- [ASSIGNMENT]:
None of the images should appear in your copy. Transcribe the data in full.

- [THE INPUT]:

<<<<

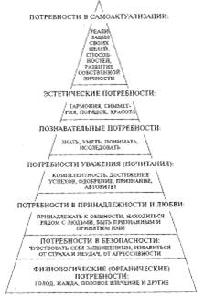 Согласно А. Маслоу, в индивидуальном развитии человека потребности возникают последовательно: физиологические, в безопасности, в любви, уважения (почитания), познавательные, эстетические, в самоактуализации (24).
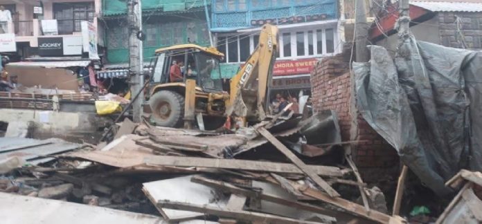 नैनीताल। जिला प्रशासन ने मल्लीताल राम सेवक सभा परिसर के सौंदर्यीकरण कार्य में आड़े आ रहीं पांच दुकानों पर बुधवार को जेसीबी चलवा दी। इनमें सब्जी के तीन फड़ और दो पक्की दुकानें हैं। इस दौरान दुकान स्वामियों ने कार्रवाई का विरोध किया। नैनीताल शहर के अलग-अलग हिस्सों को पारंपरिक कुमाऊंनी शैली में संवारा जा रहा है। इसी क्रम में राम सेवक सभा और इसके आसपास के क्षेत्र को भी संवारने की योजना है। यहां सौंदर्यीकरण कार्य में तीन फड़ और दो पक्की दुकानें आड़े आ रही थीं जिस पर प्रशासन ने पूर्व में दुकान स्वामियों को खुद ही अपनी दुकान हटा लेने को कहा था।
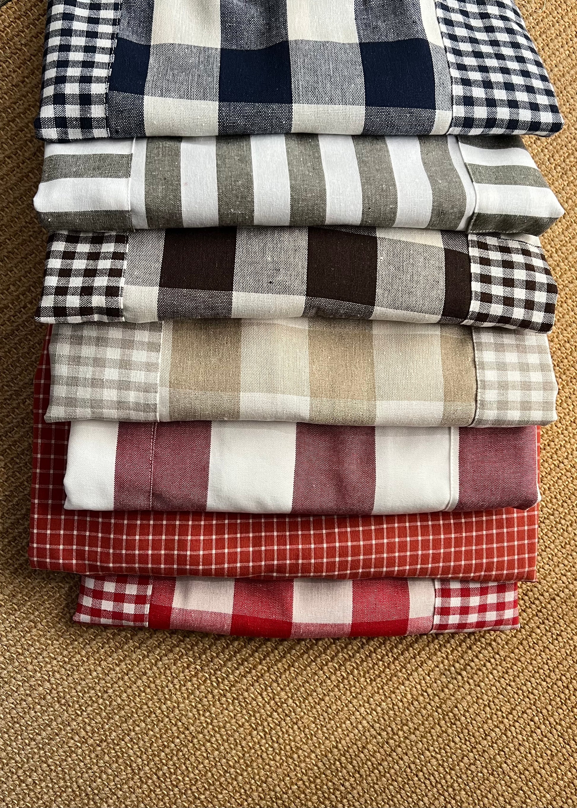 Delantal largo de lino y algodón a cuadros Vichy con lazadas. Disponibles en diferentes colores. Confeccionado a mano, con amplios bolsillos y ajustable en cintura con dos posiciones.
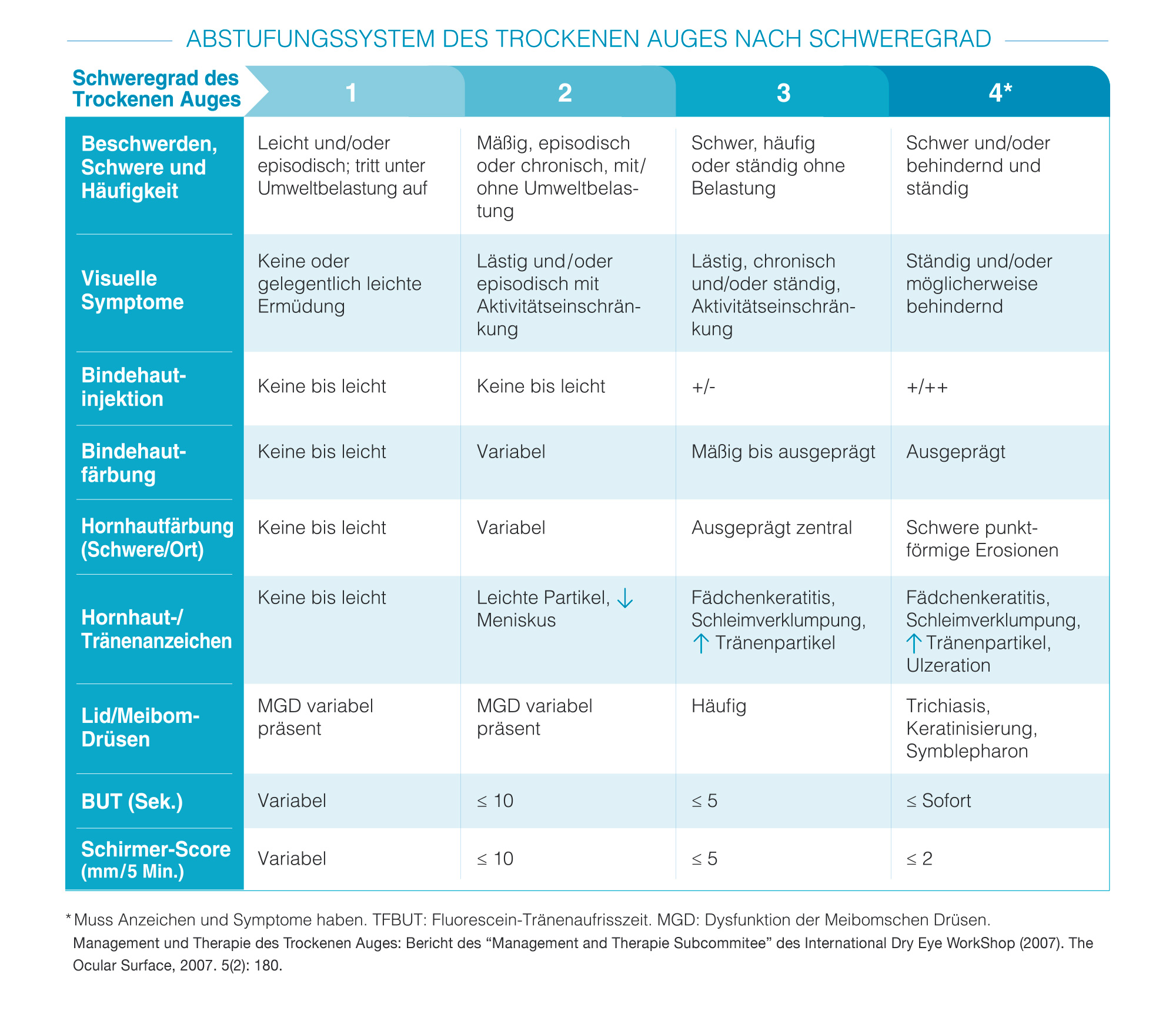 Die meisten Fachleute akzeptieren eine Klassifizierung der Störung "Augentrockenheit" in vier Grade.
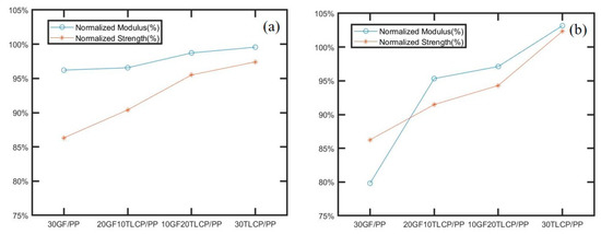 To evaluate the recyclability of each composite material, the mechanical properties of the recycled composite were compared against the pristine counterpart. The normalized values of the tensile properties of the hybrid composites are presented in Figure 10. The normalized values were obtained by dividing the tensile properties of the recycled composites by their pristine material properties. For the tensile properties of the hybrid composites in the flow direction, the normalized values increased with increasing weight fraction of TLCP, suggesting an improvement in the recyclability with the presence of TLCP (Figure 10a). The 30 wt % GF/PP only retained 86% of its tensile strength after recycling, and 10GF20TLCP/PP retained 96% of its tensile strength compared to the pristine composite. The tensile modulus in the flow direction was not significantly impacted by mechanical recycling. The different impact of recycling on tensile modulus and strength is due to the different sensitivity of each property to the change in fiber length [46].
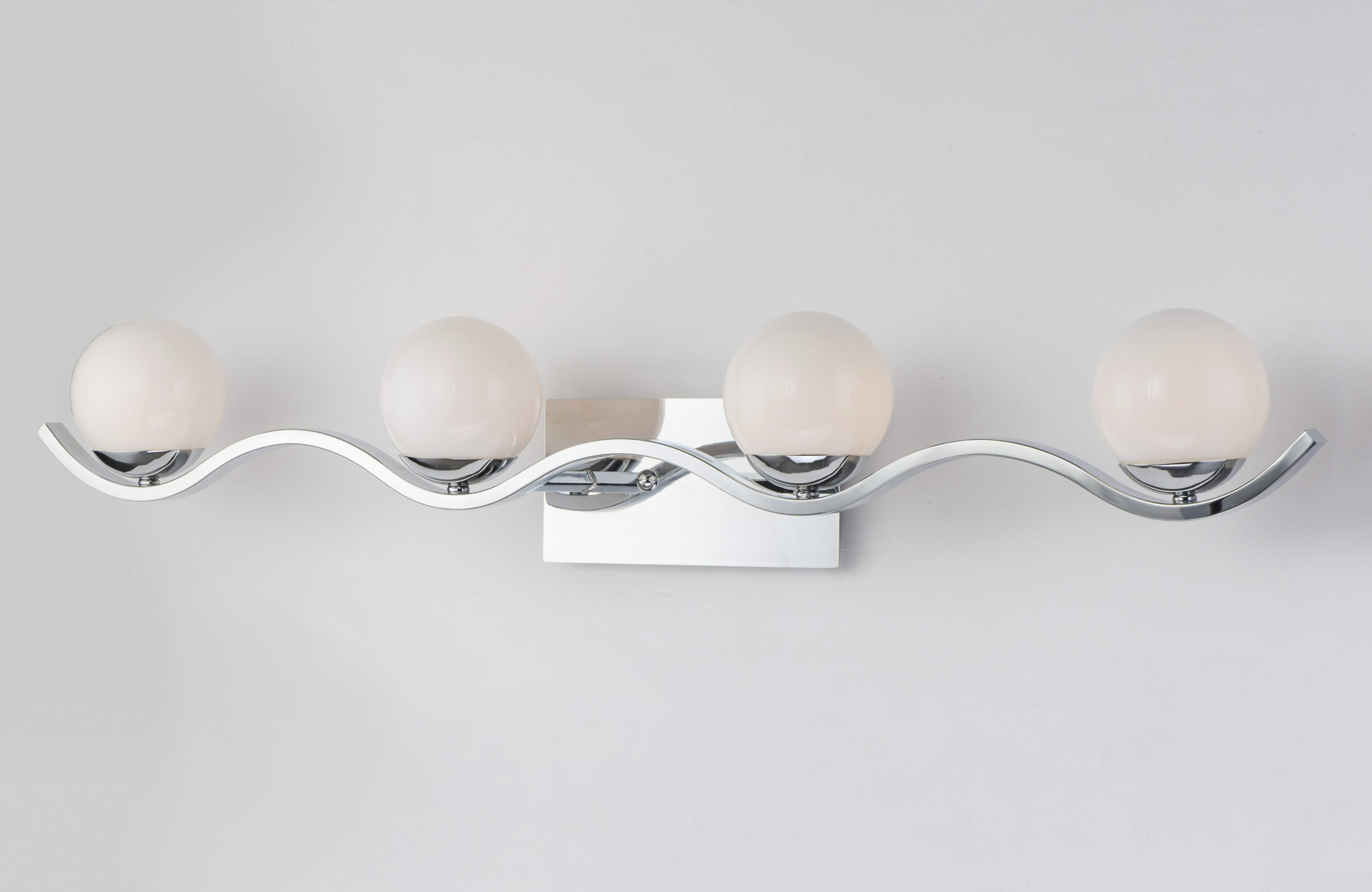 Opal White glass balls suspend from a wave like metal arm finished in Polished Chrome. The clean contemporary design provides excellent illumination and classic design appeal. Brackets can be installed either glass up or down.
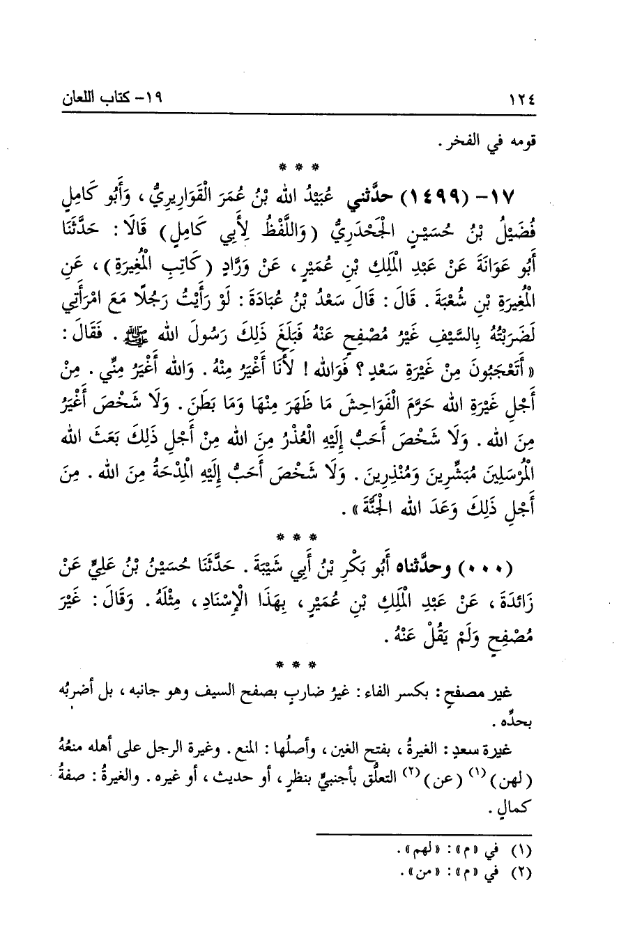 [1497] خدلا بِفَتْح الْخَاء الْمُعْجَمَة وَسُكُون الدَّال الْمُهْملَة الممتلئ السَّاق أعلنت أَي اشتهرت وشاع عَنْهَا الْفَاحِشَة قَالَ كلا وَالَّذِي بَعثك بِالْحَقِّ إِن كنت لأعالجه بِالسَّيْفِ قَالَ الْمَازرِيّ وَغَيره لَيْسَ هُوَ ردا لقَوْل رَسُول الله صلى الله عَلَيْهِ وَسلم وَمُخَالفَة من سعد لأَمره وَإِنَّمَا مَعْنَاهُ الْإِخْبَار عَن حَالَة الْإِنْسَان عِنْد رُؤْيَته الرجل مَعَ امْرَأَته واستيلاء الْغَضَب عَلَيْهِ فَإِنَّهُ يعالجه بِالسَّيْفِ وَإِن كَانَ عَاصِيا اسمعوا إِلَى مَا يَقُول سيدكم أَي تعجبوا من قَوْله وَالسَّيِّد الَّذِي يفوق قومه فِي الْفَخر
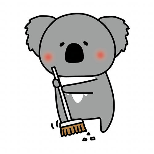 ほうきで掃除のお手伝いをするコアラ
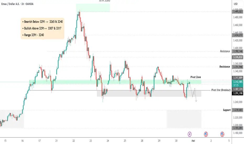 Namun, jika harga kembali menembus di atas 3291, hal itu dapat memicu pembalikan bullish, menargetkan 3307 dan 3317.
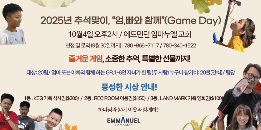 [10월4일] 임마누엘 교회 -2025년, 추석 맞이 "엄, 빠와 함께" (Game Day)
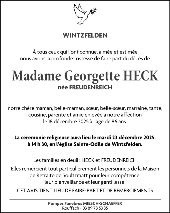 Décédée à Soultzmatt (68570, France) le jeudi 18 décembre 2025 à l'âge de 86 ans
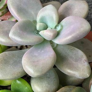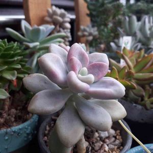 ほんのりピンクでまるまるの グラプトペタルム・だるま秋麗(秀麗)さん😻💗🤍 先日の大雨で 大きな葉っぱちゃんが落ちて ちびっこ軍団になっちゃいました😸💧

>>>>

- [EXERCISE RESPONSE]:
 Согласно А. Маслоу, в индивидуальном развитии человека потребности возникают последовательно: физиологические, в безопасности, в любви, уважения (почитания), познавательные, эстетические, в самоактуализации (24).
 नैनीताल। जिला प्रशासन ने मल्लीताल राम सेवक सभा परिसर के सौंदर्यीकरण कार्य में आड़े आ रहीं पांच दुकानों पर बुधवार को जेसीबी चलवा दी। इनमें सब्जी के तीन फड़ और दो पक्की दुकानें हैं। इस दौरान दुकान स्वामियों ने कार्रवाई का विरोध किया। नैनीताल शहर के अलग-अलग हिस्सों को पारंपरिक कुमाऊंनी शैली में संवारा जा रहा है। इसी क्रम में राम सेवक सभा और इसके आसपास के क्षेत्र को भी संवारने की योजना है। यहां सौंदर्यीकरण कार्य में तीन फड़ और दो पक्की दुकानें आड़े आ रही थीं जिस पर प्रशासन ने पूर्व में दुकान स्वामियों को खुद ही अपनी दुकान हटा लेने को कहा था।
 Delantal largo de lino y algodón a cuadros Vichy con lazadas. Disponibles en diferentes colores. Confeccionado a mano, con amplios bolsillos y ajustable en cintura con dos posiciones.
 Die meisten Fachleute akzeptieren eine Klassifizierung der Störung "Augentrockenheit" in vier Grade.
 To evaluate the recyclability of each composite material, the mechanical properties of the recycled composite were compared against the pristine counterpart. The normalized values of the tensile properties of the hybrid composites are presented in Figure 10. The normalized values were obtained by dividing the tensile properties of the recycled composites by their pristine material properties. For the tensile properties of the hybrid composites in the flow direction, the normalized values increased with increasing weight fraction of TLCP, suggesting an improvement in the recyclability with the presence of TLCP (Figure 10a). The 30 wt % GF/PP only retained 86% of its tensile strength after recycling, and 10GF20TLCP/PP retained 96% of its tensile strength compared to the pristine composite. The tensile modulus in the flow direction was not significantly impacted by mechanical recycling. The different impact of recycling on tensile modulus and strength is due to the different sensitivity of each property to the change in fiber length [46].
 Opal White glass balls suspend from a wave like metal arm finished in Polished Chrome. The clean contemporary design provides excellent illumination and classic design appeal. Brackets can be installed either glass up or down.
 [1497] خدلا بِفَتْح الْخَاء الْمُعْجَمَة وَسُكُون الدَّال الْمُهْملَة الممتلئ السَّاق أعلنت أَي اشتهرت وشاع عَنْهَا الْفَاحِشَة قَالَ كلا وَالَّذِي بَعثك بِالْحَقِّ إِن كنت لأعالجه بِالسَّيْفِ قَالَ الْمَازرِيّ وَغَيره لَيْسَ هُوَ ردا لقَوْل رَسُول الله صلى الله عَلَيْهِ وَسلم وَمُخَالفَة من سعد لأَمره وَإِنَّمَا مَعْنَاهُ الْإِخْبَار عَن حَالَة الْإِنْسَان عِنْد رُؤْيَته الرجل مَعَ امْرَأَته واستيلاء الْغَضَب عَلَيْهِ فَإِنَّهُ يعالجه بِالسَّيْفِ وَإِن كَانَ عَاصِيا اسمعوا إِلَى مَا يَقُول سيدكم أَي تعجبوا من قَوْله وَالسَّيِّد الَّذِي يفوق قومه فِي الْفَخر
 ほうきで掃除のお手伝いをするコアラ
 Namun, jika harga kembali menembus di atas 3291, hal itu dapat memicu pembalikan bullish, menargetkan 3307 dan 3317.
 [10월4일] 임마누엘 교회 -2025년, 추석 맞이 "엄, 빠와 함께" (Game Day)
 Décédée à Soultzmatt (68570, France) le jeudi 18 décembre 2025 à l'âge de 86 ans
 ほんのりピンクでまるまるの グラプトペタルム・だるま秋麗(秀麗)さん😻💗🤍 先日の大雨で 大きな葉っぱちゃんが落ちて ちびっこ軍団になっちゃいました😸💧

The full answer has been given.